In the CAS report, there was no evidence, let alone proof, that the athlete engaged in the conduct described with such knowledge. The only intentional conduct identified was that the athlete ordered and ate a greasy burrito. This falls far short of establishing the criteria that the term requires -- that she engaged in coduct she knew was a violation, or was risky.
Intent in this case simply means taking a banned substance. It wouldn't matter if she didn't know it was banned - she doesn't have to "intend to break the rules" - since she is obligated to be informed about what substances are on WADA'S list.
That is not what "intent" means in this case (nor anywhere else for that matter, except maybe one basement in New Zealand). It actually does matter that she knows. WADA says the term *requires* knowledge.
WADA explicitly provides a "special definition" of "intent": "As used in Articles 10.2 and 10.3, the term “intentional” is meant to identify those athletes who cheat. The term, therefore, requires that the athlete or other Person engaged in conduct which he or she knew constituted an anti-doping rule violation or knew that there was a significant risk that the conduct might constitute or result in an anti-doping rule violation and manifestly disregarded that risk."
In the CAS report, there was no evidence, let alone proof, that the athlete engaged in the conduct described with such knowledge. The only intentional conduct identified was that the athlete ordered and ate a greasy burrito.

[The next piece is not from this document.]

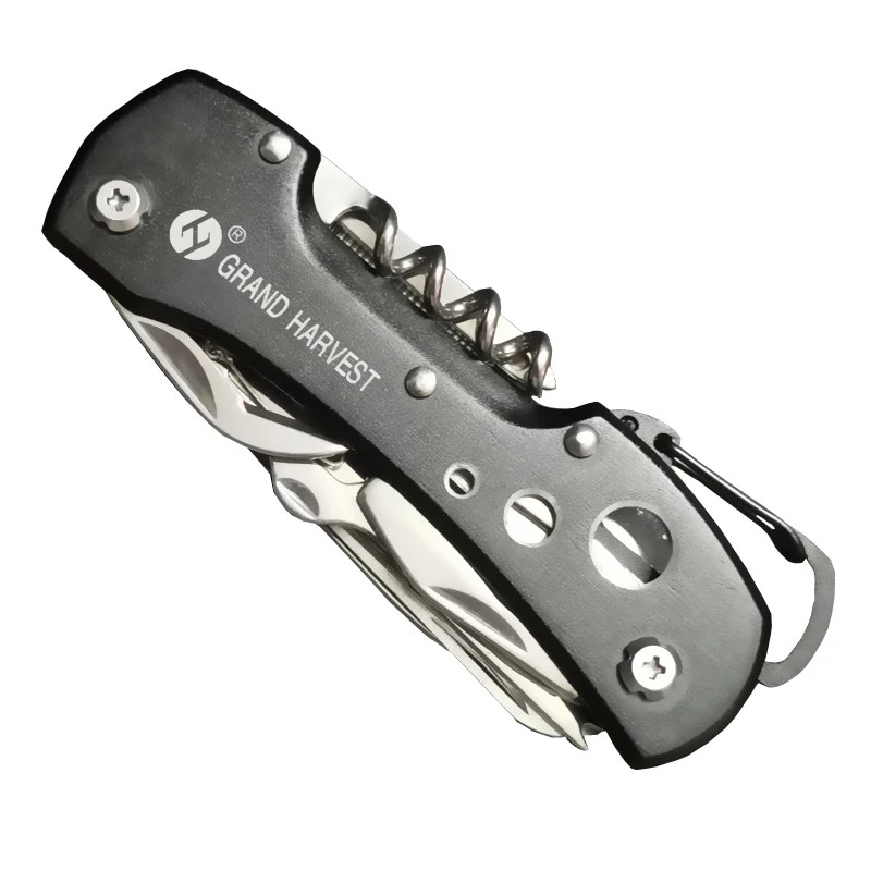 - 11 funções num só utensílio – faca, saca-rolhas, tesouras, lima, chave de fenda Phillips, abridor de latas e garrafas, gancho, 2 serras

This falls far short of establishing the criteria that the term requires -- that she engaged in coduct she knew was a violation, or was risky.
No. The evidence was the nandrolone in her body. The conduct was her putting nandrolone in her body. Her lawyer's attempt at an excuse for the nandrolone in her body was a magical beef burrito that transformed into a greasy wild boar burrito that an elite athlete with somewhere around 5% body fat just went ahead and slaughtered. Being educated adults, the board likely Laughed Out Loud, and found this "defense" preposterous. Maybe a .1% likelihood, which statistically would be zero.
So, where do we think she will open her season? I doubt Millrose will allow her in, or maybe they will, who knows. I would guess she would start with something more low key like a Sound Running or Portland Track meet. What say you?
Also, her latest IG post suggests that she has accepted and embraced the jokes that are certainly coming for her.